No, dovrebbe essere solo il demone. Il client e' in un overlay, sunrise se non ricordo male

----------

## CarloJekko

 *Vazzo wrote:*   

> Puoi usare i tool di miniupnp. Il sito e' http://miniupnp.tuxfamily.org/, mentre qui (http://miniupnp.tuxfamily.org/files/download.php?file=miniupnpc-1.2.tar.gz) scarichi i sorgenti del client.
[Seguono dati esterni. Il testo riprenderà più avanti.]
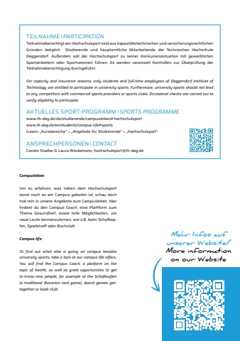 106TEILNAHME %ufffd PARTICIPATIONTeilnahmeberechtigt am Hochschulsport sind aus kapazit%u00e4tstechnischen und versicherungsrechtlichen Gr%u00fcnden lediglich Studierende und hauptamtliche Mitarbeitende der Technischen Hochschule Deggendorf. Au%u00dferdem soll der Hochschulsport zu keiner Konkurrenzsituation mit gewerblichen Sportanbietern oder Sportvereinen f%u00fchren. Es werden vereinzelt Kontrollen zur %u00dcberpr%u00fcfung der Teilnahmeberechtigung durchgef%u00fchrt.For capacity and insurance reasons, only students and full-time employees of Deggendorf Institute of Technology are entitled to participate in university sports. Furthermore, university sports should not lead to any competition with commercial sports providers or sports clubs. Occasional checks are carried out to verify eligibility to participate.AKTUELLES SPORT-PROGRAMM %ufffd SPORTS PROGRAMMEwww.th-deg.de/de/studierende/campusleben#hochschulsport www.th-deg.de/en/students/campus-life#sportsiLearn: %u201eKursbereiche%u201c > %u201eAngebote f%u00fcr Studierende%u201c > %u201eHochschulsport%u201cANSPRECHPERSONEN %ufffd CONTACTCarolin Stadler & Laura Wiedemann, hochschulsport@th-deg.deCampuslebenUm zu erfahren, was neben dem Hochschulsport sonst noch so am Campus geboten ist, schau doch mal rein in unsere Angebote zum Campusleben. Hier findest du den Campus Coach, eine Plattform zum Thema Gesundheit, sowie tolle M%u00f6glichkeiten, um neue Leute kennenzulernen, wie z.B. beim Schafkopfen, Spieletreff oder Buchclub!Campus lifeTo find out what else is going on campus besides university sports, take a look at our campus life offers. You will find the Campus Coach, a platform on the topic of health, as well as great opportunities to get to know new people, for example at the Schafkopfen (a traditional Bavarian card game), board games gettogether or book club!Mehr Infos auf unserer Website/More informationon our Website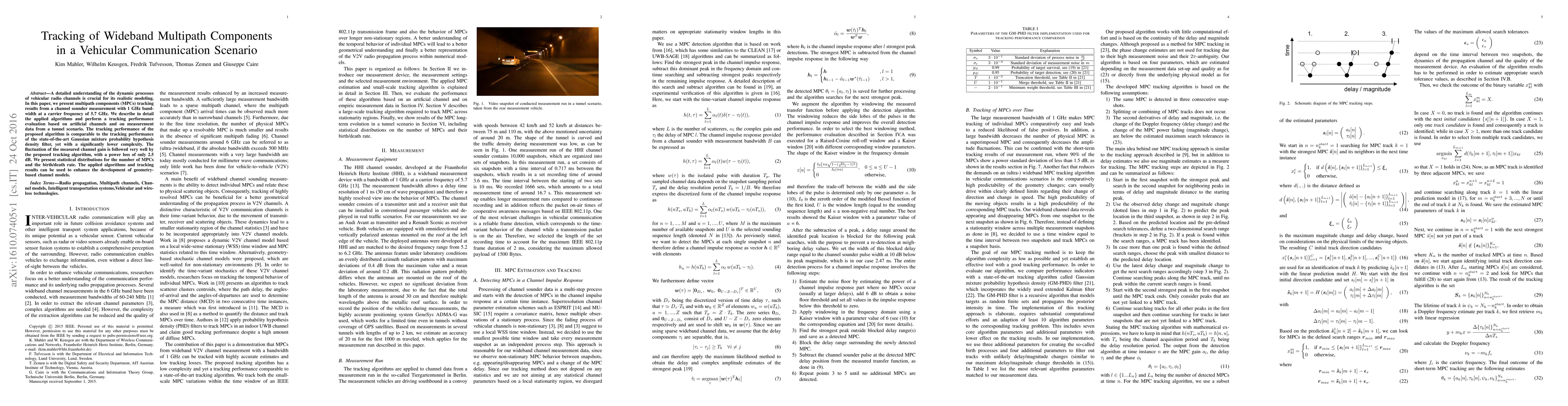 This paper presents a tracking algorithm for wideband multipath components in vehicular communication channels, demonstrating its effectiveness with a 1 GHz bandwidth measurement at 5.7 GHz. The proposed method shows comparable performance to state-of-the-art filters but with lower complexity and a 2.5 dB power loss.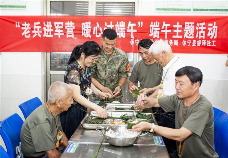 安徽省黄山市休宁县“情暖老兵”志愿服务项目开展“老兵进军营 暖心过端午”志愿服务活动。活动当天,10名退役老兵走进部队,参观军营双拥广场,观看部队训练,与部队官兵一起制作香囊和粽子,感受往昔峥嵘岁月。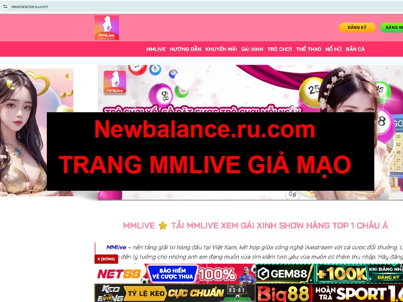 Điều đầu tiên và dễ nhận thấy nhất về sự bất thường của trang web giả mạo này chính là tên miền (domain): https://newbalance.ru.com – Một cái tên hoàn toàn không liên quan gì đến lĩnh vực giải trí hay thương hiệu MMLive.

Una volta compilato e' un attimo abilitare/disabilitare il port forwarding.
> 
> Un esempio con il mio router, per attivare il forward della porta 9000 tcp del router alla 22 del mio pc:
> 
> kajmak miniupnpc-1.2 # upnpc -a 192.168.2.114 22 9000 tcp
> ...

 

Ti ringrazio molto... appena torno alla vodafone station lo provo e vedo di mettere il tag risolto  :Very Happy: 

Ciaooo !!!

----------

## Kernel78

 *CarloJekko wrote:*   

> Ho chiamato per sapere se posso mettere un router mio, ma la risposta è stata secca: NO
> 
> 

 

 :Shocked:  il tecnico che ho contattato io invece mi ha consigliato di rimettere il precedente router ...

Appena posso passo da mia madre e faccio una prova ...

----------

## CarloJekko

 *Kernel78 wrote:*   

>  *CarloJekko wrote:*   Ho chiamato per sapere se posso mettere un router mio, ma la risposta è stata secca: NO
> 
>  
> 
>  il tecnico che ho contattato io invece mi ha consigliato di rimettere il precedente router ...
> ...

 

Guarda la station vodasozze è veramente pietoso... E lo paghi pure se disdici il contratto prima dei due anni !!!

----------

## Kernel78

 *CarloJekko wrote:*   

>  *Kernel78 wrote:*    *CarloJekko wrote:*   Ho chiamato per sapere se posso mettere un router mio, ma la risposta è stata secca: NO
> 
>  
> 
>  il tecnico che ho contattato io invece mi ha consigliato di rimettere il precedente router ...
> ...

 

lo so, mia mamma l'ha presa e a me tocca l'assistenza  :Evil or Very Mad: 

per questo mi ero informato se potevo usare il vecchio router (il fido netgear) e mi ero tranquillizzato quando il tipo mi aveva consigliato di sostituirlo (tanto della chiavetta mia madre non se ne fa nulla)...

dopo aver letto il tuo post mi è venuto un coccolone  :Sad: 

----------

## CarloJekko

metto il tag  risolto, ma vodafone ha aggiornato il firmware... ora va bene, c'è tutto quello che serve

----------

## Kernel78

 *CarloJekko wrote:*   

> metto il tag  risolto, ma vodafone ha aggiornato il firmware... ora va bene, c'è tutto quello che serve

 

ma l'aggiornamento avviene in automatico o bisogna fare qualcosa ? Mia madre continua a lamentare problemi che io non ho il tempo di risolverle e quelli di vodafone se ne infischiano ...

----------

## CarloJekko

 *Kernel78 wrote:*   

>  *CarloJekko wrote:*   metto il tag  risolto, ma vodafone ha aggiornato il firmware... ora va bene, c'è tutto quello che serve 
> 
> ma l'aggiornamento avviene in automatico o bisogna fare qualcosa ? Mia madre continua a lamentare problemi che io non ho il tempo di risolverle e quelli di vodafone se ne infischiano ...

 

a me è avvenuto in automatico... nel caso si deve chiamare il 190...

----------